## [YOUR OBJECTIVE]
Please retype the listing below exactly as it stands, skipping any pictures.

## [SUPPLIED MATERIAL]
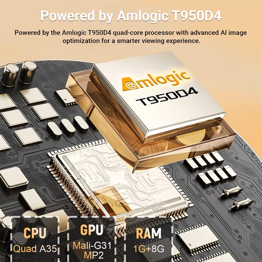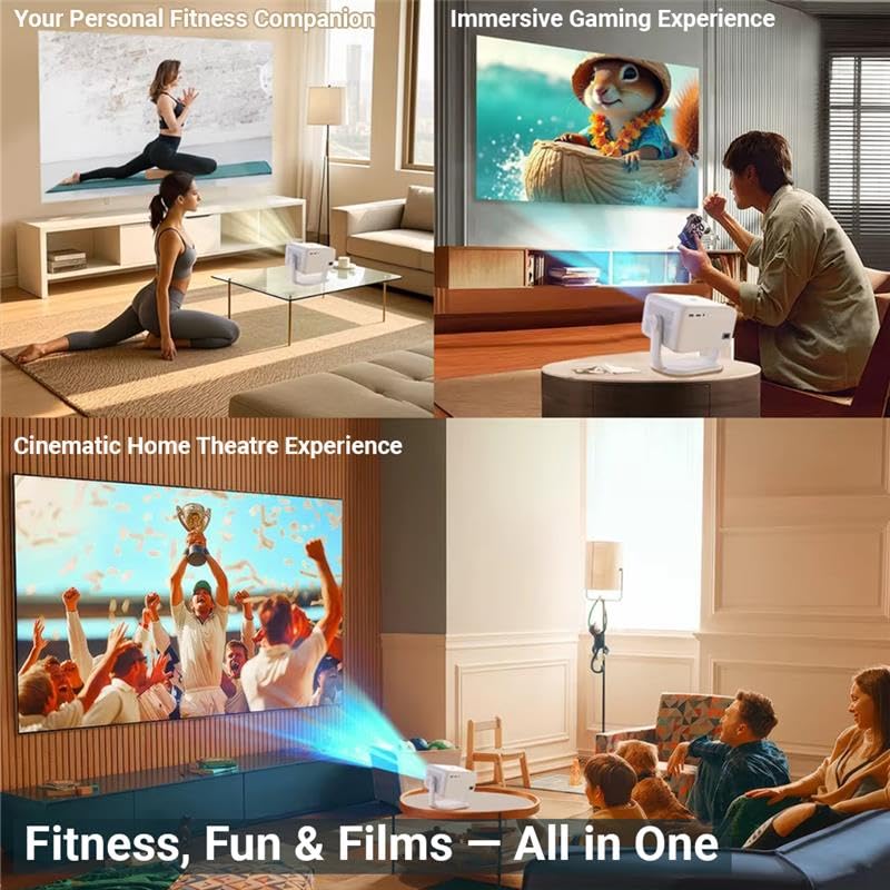 Special Features : Auto Focus, Auto Keystone (For Perfect Screen alignment) | WiFi (For Screen Mirroring, Miracast, Airplay) | Portable | Android 12 | 1GB RAM, 8GB Internal Memory | Preinstalled Netflix, Prime, Hotstar, Youtube, etc | 100% NTSE & PAL Decoding
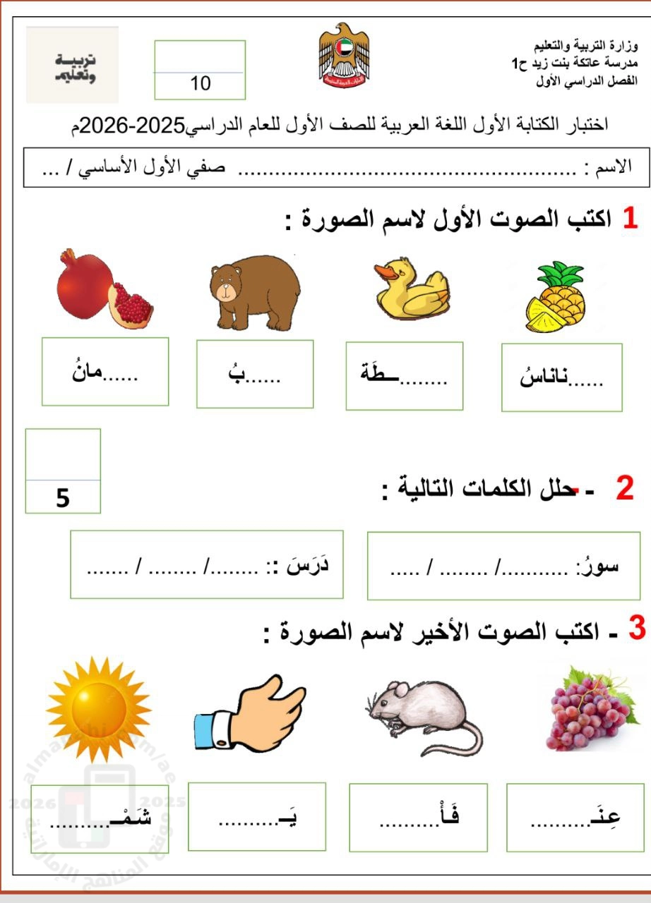 أنت هنا: موقع المناهج ⇦ المناهج الإماراتية ⇦ الصف الأول ⇦ لغة عربية ⇦ الفصل الأول ⇦ اختبارات |
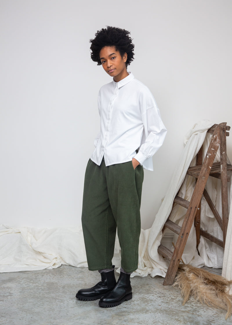 Konara Organic Cotton Jersey and Poplin Shirt in Pine

## [ANSWER TO THIS EXERCISE]
 Special Features : Auto Focus, Auto Keystone (For Perfect Screen alignment) | WiFi (For Screen Mirroring, Miracast, Airplay) | Portable | Android 12 | 1GB RAM, 8GB Internal Memory | Preinstalled Netflix, Prime, Hotstar, Youtube, etc | 100% NTSE & PAL Decoding
 أنت هنا: موقع المناهج ⇦ المناهج الإماراتية ⇦ الصف الأول ⇦ لغة عربية ⇦ الفصل الأول ⇦ اختبارات |
 Konara Organic Cotton Jersey and Poplin Shirt in Pine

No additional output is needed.